━━━━━ Extracted material

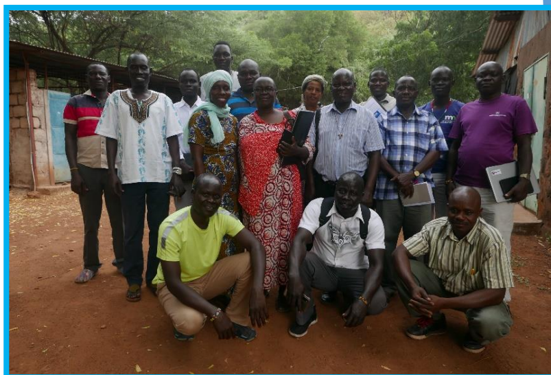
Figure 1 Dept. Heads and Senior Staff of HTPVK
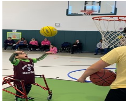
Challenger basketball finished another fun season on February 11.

━━━━━━━━━━
━━━━━ Extracted material

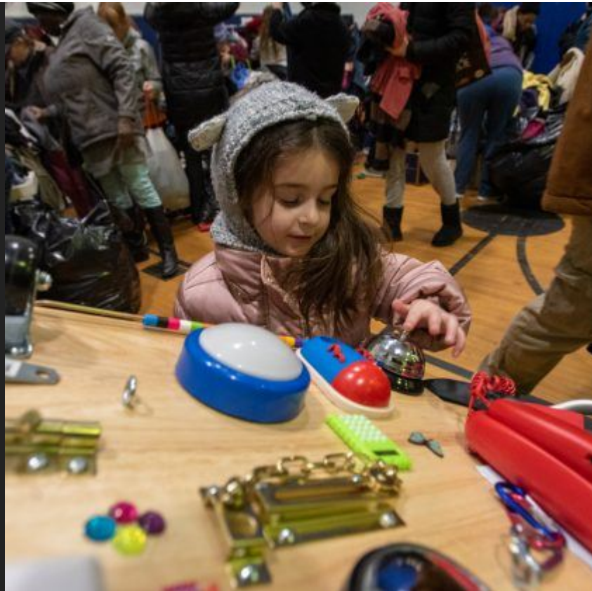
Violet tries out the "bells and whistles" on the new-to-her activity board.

━━━━━━━━━━
━━━━━ Extracted material

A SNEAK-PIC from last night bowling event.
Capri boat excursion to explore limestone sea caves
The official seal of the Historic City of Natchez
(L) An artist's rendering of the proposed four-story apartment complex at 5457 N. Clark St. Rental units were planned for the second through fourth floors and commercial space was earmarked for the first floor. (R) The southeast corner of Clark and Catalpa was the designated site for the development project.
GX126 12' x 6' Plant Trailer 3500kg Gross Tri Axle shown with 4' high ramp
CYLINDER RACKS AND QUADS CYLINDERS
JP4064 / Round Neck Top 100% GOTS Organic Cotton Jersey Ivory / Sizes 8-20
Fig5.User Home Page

━━━━━━━━━━

→ What the task requires
Write out the lines above from the one with "Figure 1 Dept." through the one with "Challenger basketball finished", ends included, exactly; no picture goes in.

→ Answer to this problem
Figure 1 Dept. Heads and Senior Staff of HTPVK
Challenger basketball finished another fun season on February 11.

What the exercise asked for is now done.